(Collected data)
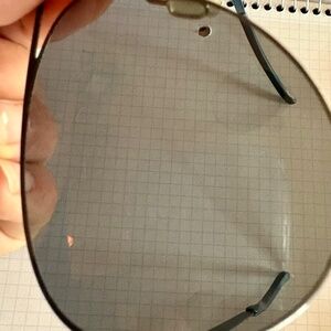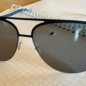 These frames are crafted from lightweight stainless steel and acetate, offering superior comfort and durability. They are meticulously handcrafted in Germany. Some superficial scratches on both lenses. Frames show a tiny bit of wear at hinges.
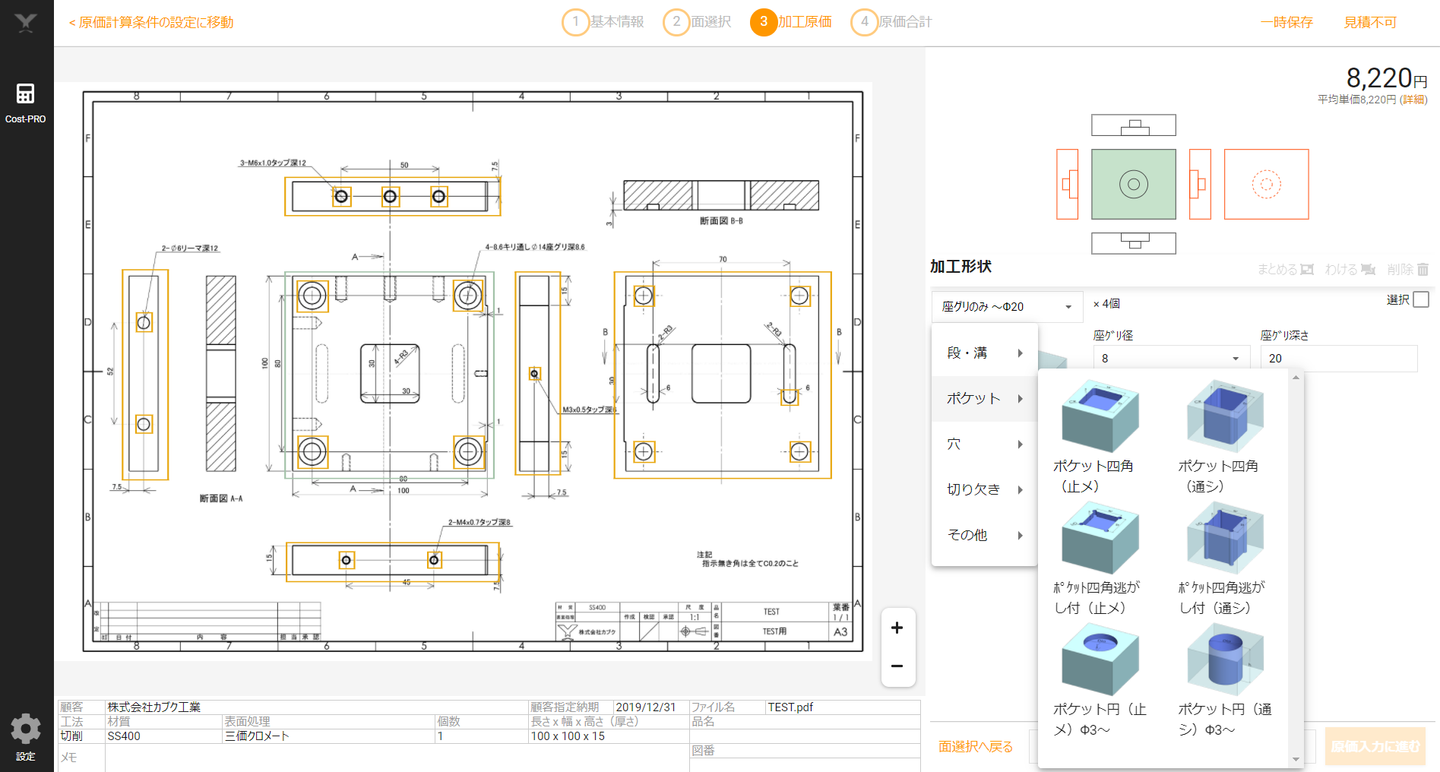 高い図面読解力を不要にし、簡単操作でヒトによるバラツキが出ない加工原価見積りを実現します。
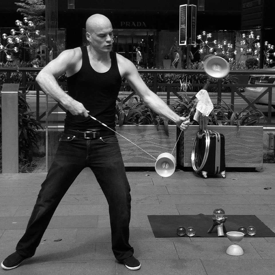 French Juggler Mickael is currently based in Singapore. His juggling props include Diabolos, Crystal contact balls, Fire/Fireworks staff and Contact Hoops. Mickael has travelled and performed in stage and street shows in the UK, Europe and Asia.
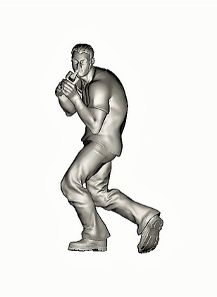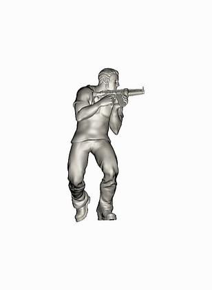 un survivaliste équipé d'un pistolet automatique peint par Fred dit "Le Kiné" du club Tuperforge Marseille.
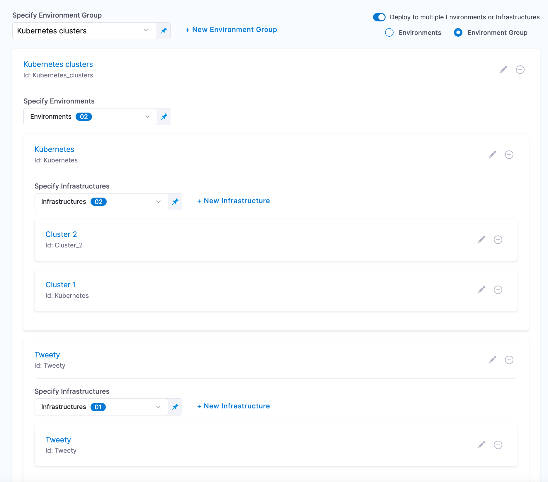 1. In Environment, select Deploy to multiple Environments or Infrastructures, and then select Environment Groups.
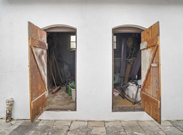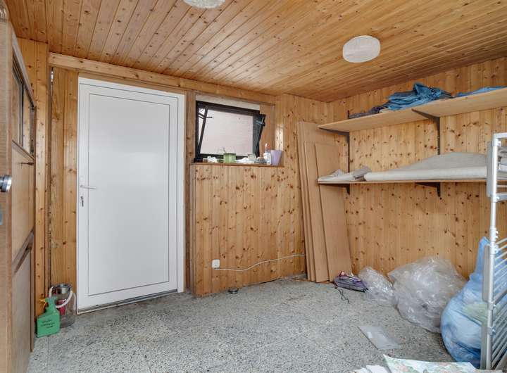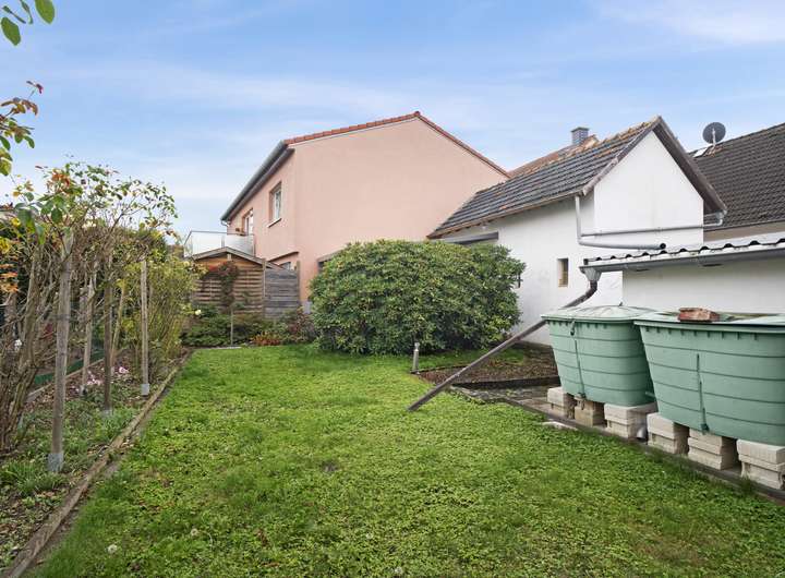 Der vordere Außenbereich ist mittlerweile etwas in die Jahre gekommen, eignet sich jedoch gut zum Sitzen und Fußball spielen mit den Kindern. Hier befindet sich auch die geräumige Garage. Am Haus angrenzend ist auch der Brunnenzugang mit Tauchpumpe. Der hintere Bereich des Grundstücks ist durch einen großen Schuppen mit Durchgang zum grünen Garten und zur Terrasse abgegrenzt. Die Schuppenzimmer bieten viel Stauraum für Geräte und auch als Partyfläche bei Regen. Der Garten präsentiert sich gepflegt und grün. Die schattige Terrasse lädt ein die Sommerabende beim Grillen zu genießen umgeben von bunten Rosen und Oleander.
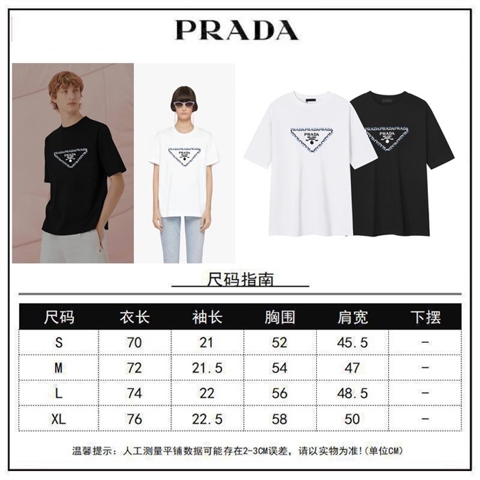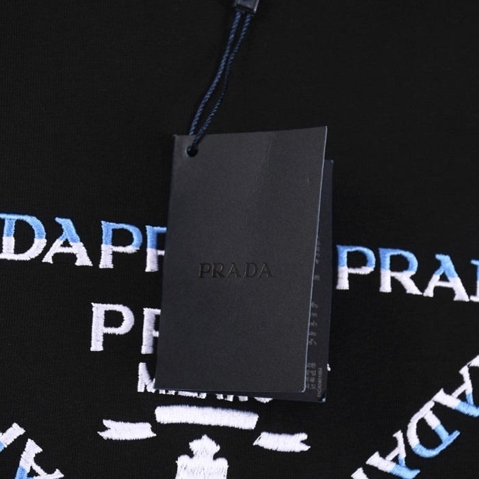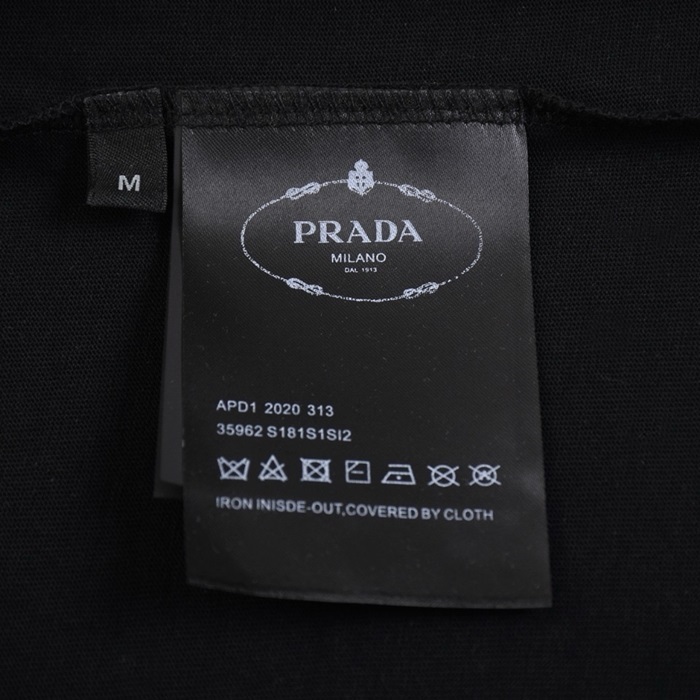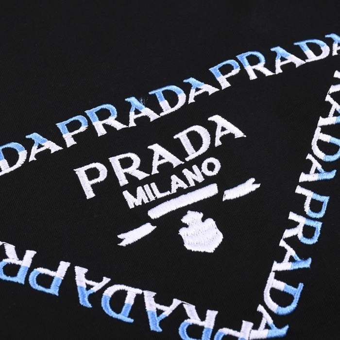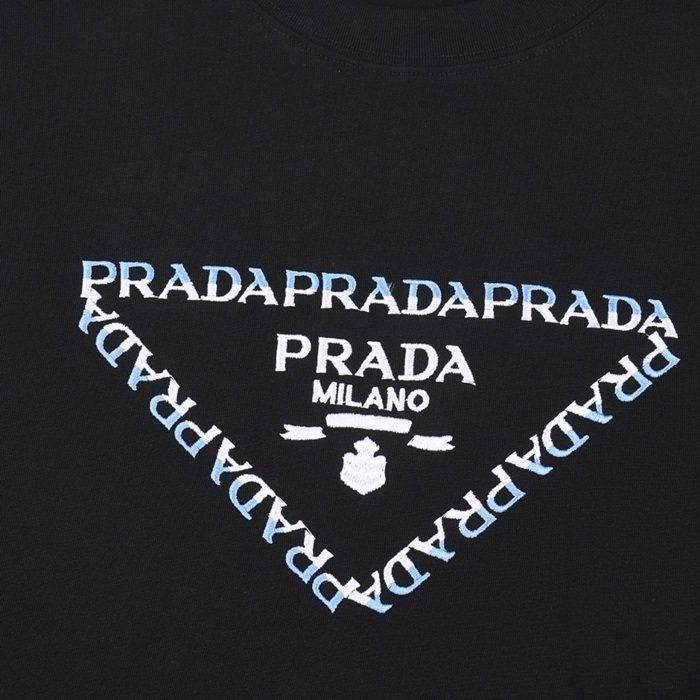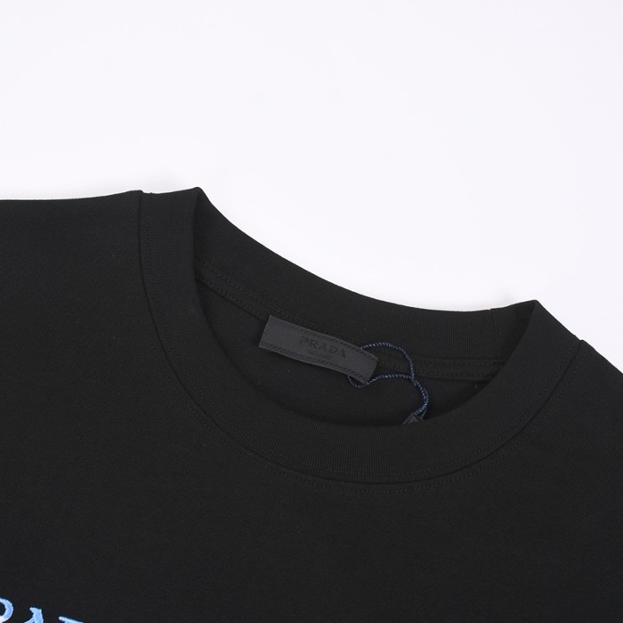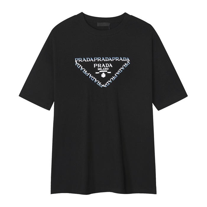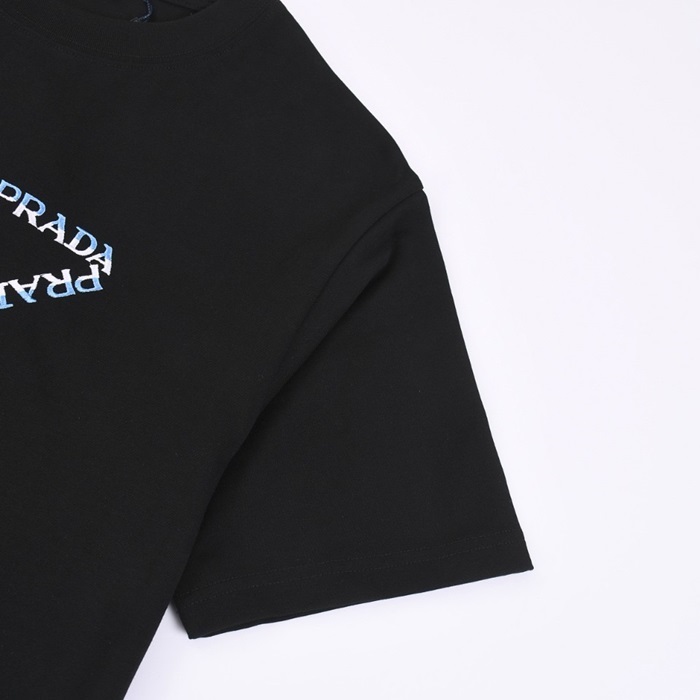 プラダユニセックスブラック半袖Tシャツc588
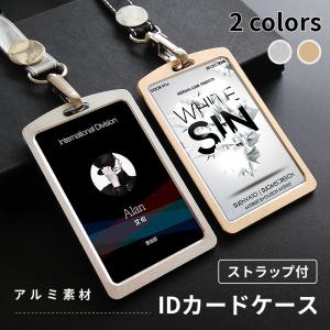 質感 アルミ素材カードホルダー ネックストラップ付き IDカードケース 社員証ストラップ 取付簡単 名刺入れ 定期入れ 男女兼用 軽量 おしゃれ
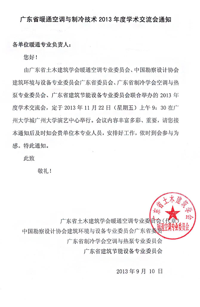 廣東省暖通空調(diào)與制冷技術(shù)2013年度學(xué)術(shù)交流會(huì)通知
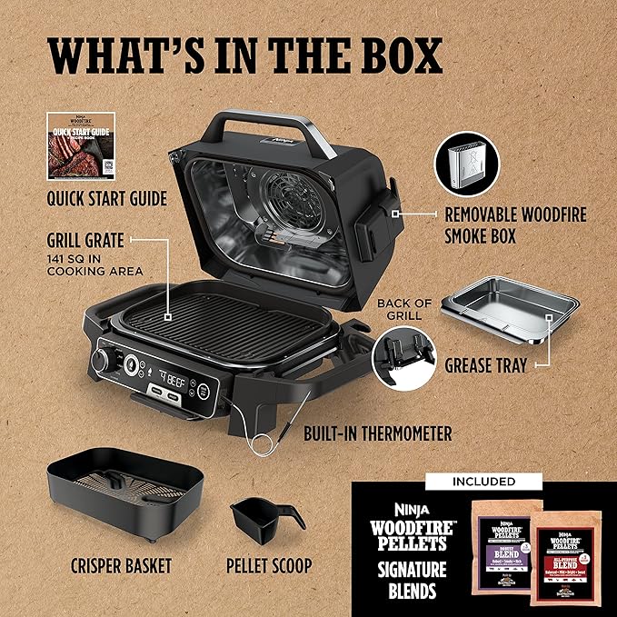 • WHAT'S INCLUDED: 141-sq-in. nonstick grill grate, crisper basket, built-in thermometer, pellet scoop, Ninja Woodfire Pellets Robust Blend and All-Purpose Blend Starter Packs, & Quick Start Guide with 15 recipes.

### TASK DESCRIPTION
The lines to set down run from the line with "un survivaliste équipé" up to and including the line with "質感 アルミ素材カードホルダー ネックストラップ付き" in the entries above. Reproduce them exactly, with no pictures.

### EXERCISE ANSWER
 un survivaliste équipé d'un pistolet automatique peint par Fred dit "Le Kiné" du club Tuperforge Marseille.
 1. In Environment, select Deploy to multiple Environments or Infrastructures, and then select Environment Groups.
 Der vordere Außenbereich ist mittlerweile etwas in die Jahre gekommen, eignet sich jedoch gut zum Sitzen und Fußball spielen mit den Kindern. Hier befindet sich auch die geräumige Garage. Am Haus angrenzend ist auch der Brunnenzugang mit Tauchpumpe. Der hintere Bereich des Grundstücks ist durch einen großen Schuppen mit Durchgang zum grünen Garten und zur Terrasse abgegrenzt. Die Schuppenzimmer bieten viel Stauraum für Geräte und auch als Partyfläche bei Regen. Der Garten präsentiert sich gepflegt und grün. Die schattige Terrasse lädt ein die Sommerabende beim Grillen zu genießen umgeben von bunten Rosen und Oleander.
 プラダユニセックスブラック半袖Tシャツc588
 質感 アルミ素材カードホルダー ネックストラップ付き IDカードケース 社員証ストラップ 取付簡単 名刺入れ 定期入れ 男女兼用 軽量 おしゃれ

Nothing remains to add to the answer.